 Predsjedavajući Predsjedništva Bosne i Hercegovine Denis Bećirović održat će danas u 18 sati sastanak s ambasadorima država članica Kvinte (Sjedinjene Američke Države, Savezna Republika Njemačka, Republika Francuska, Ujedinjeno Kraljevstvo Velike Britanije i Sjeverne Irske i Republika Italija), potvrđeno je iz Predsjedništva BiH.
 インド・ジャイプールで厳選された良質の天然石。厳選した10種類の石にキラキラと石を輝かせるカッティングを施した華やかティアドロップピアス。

- - - - -

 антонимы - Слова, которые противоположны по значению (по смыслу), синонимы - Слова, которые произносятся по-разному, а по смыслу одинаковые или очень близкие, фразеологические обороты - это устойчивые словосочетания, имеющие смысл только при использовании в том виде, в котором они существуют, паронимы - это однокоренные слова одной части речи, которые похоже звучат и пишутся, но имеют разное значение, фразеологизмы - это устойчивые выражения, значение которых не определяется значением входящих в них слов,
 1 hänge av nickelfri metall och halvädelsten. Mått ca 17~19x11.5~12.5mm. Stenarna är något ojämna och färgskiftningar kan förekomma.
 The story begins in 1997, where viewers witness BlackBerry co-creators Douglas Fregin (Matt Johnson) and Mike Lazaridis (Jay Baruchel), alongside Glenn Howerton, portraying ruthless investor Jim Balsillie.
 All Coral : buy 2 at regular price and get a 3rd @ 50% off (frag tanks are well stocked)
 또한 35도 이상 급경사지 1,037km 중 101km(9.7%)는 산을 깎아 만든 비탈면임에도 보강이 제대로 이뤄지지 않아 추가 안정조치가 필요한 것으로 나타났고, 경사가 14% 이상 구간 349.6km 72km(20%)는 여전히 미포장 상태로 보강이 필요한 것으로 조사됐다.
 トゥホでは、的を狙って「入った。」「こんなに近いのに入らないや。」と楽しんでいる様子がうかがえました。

- - - - -

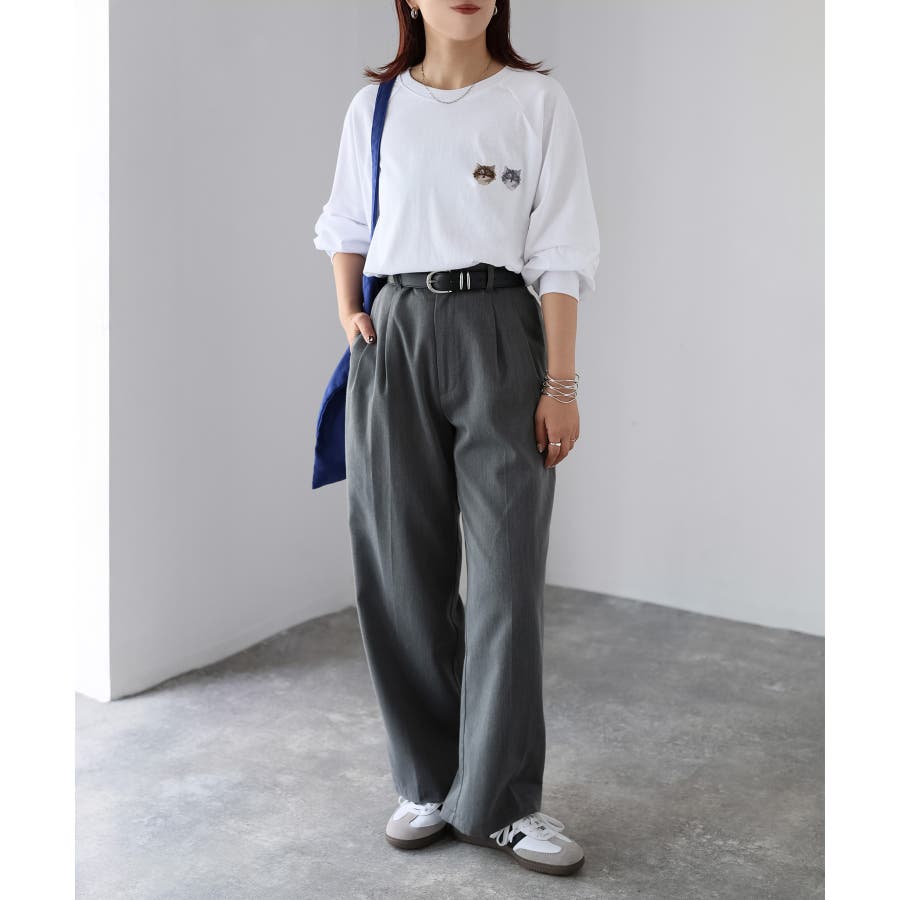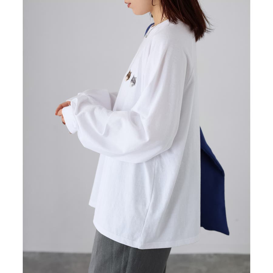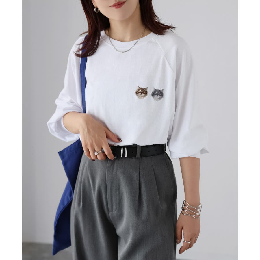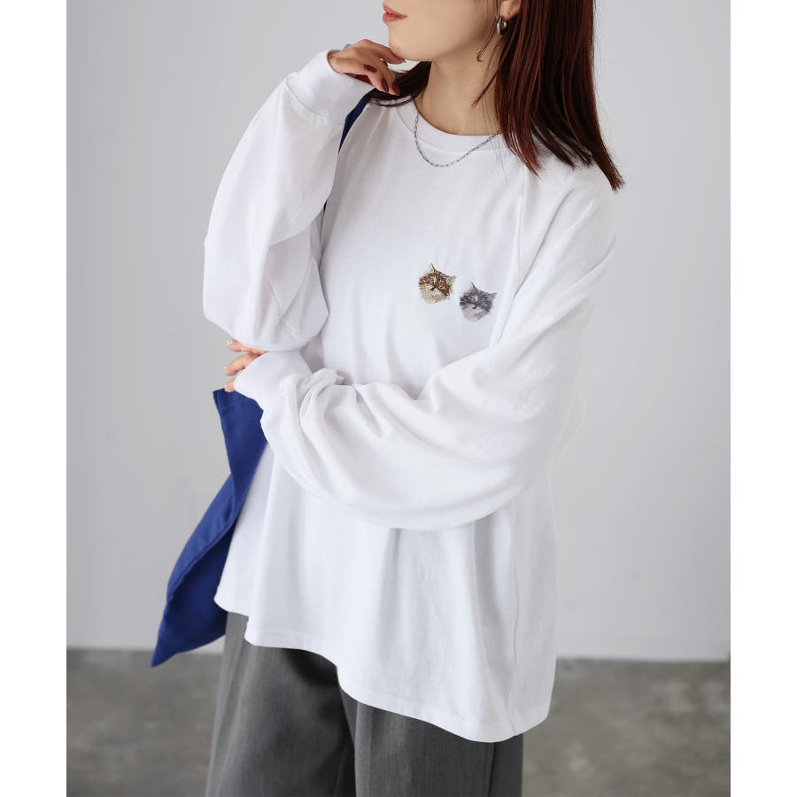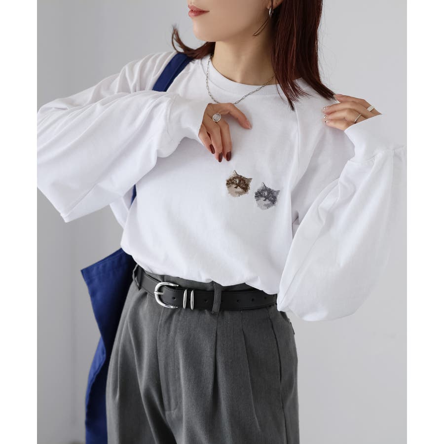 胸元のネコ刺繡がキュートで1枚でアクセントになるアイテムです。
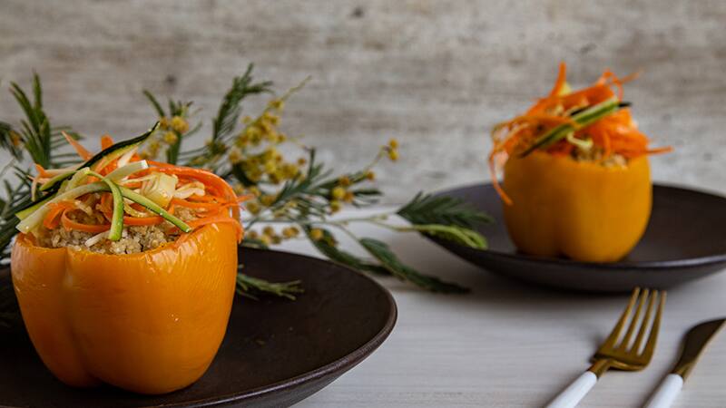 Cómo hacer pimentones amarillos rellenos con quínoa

- - - - -

**What to do**: Print everything from the line with "胸元のネコ刺繡がキュートで1枚でアクセントになるアイテムです。" down to the line with "Cómo hacer pimentones" in the entries above, both lines included and nothing more, without the pictures.

**Completed exercise**:
 胸元のネコ刺繡がキュートで1枚でアクセントになるアイテムです。
 Cómo hacer pimentones amarillos rellenos con quínoa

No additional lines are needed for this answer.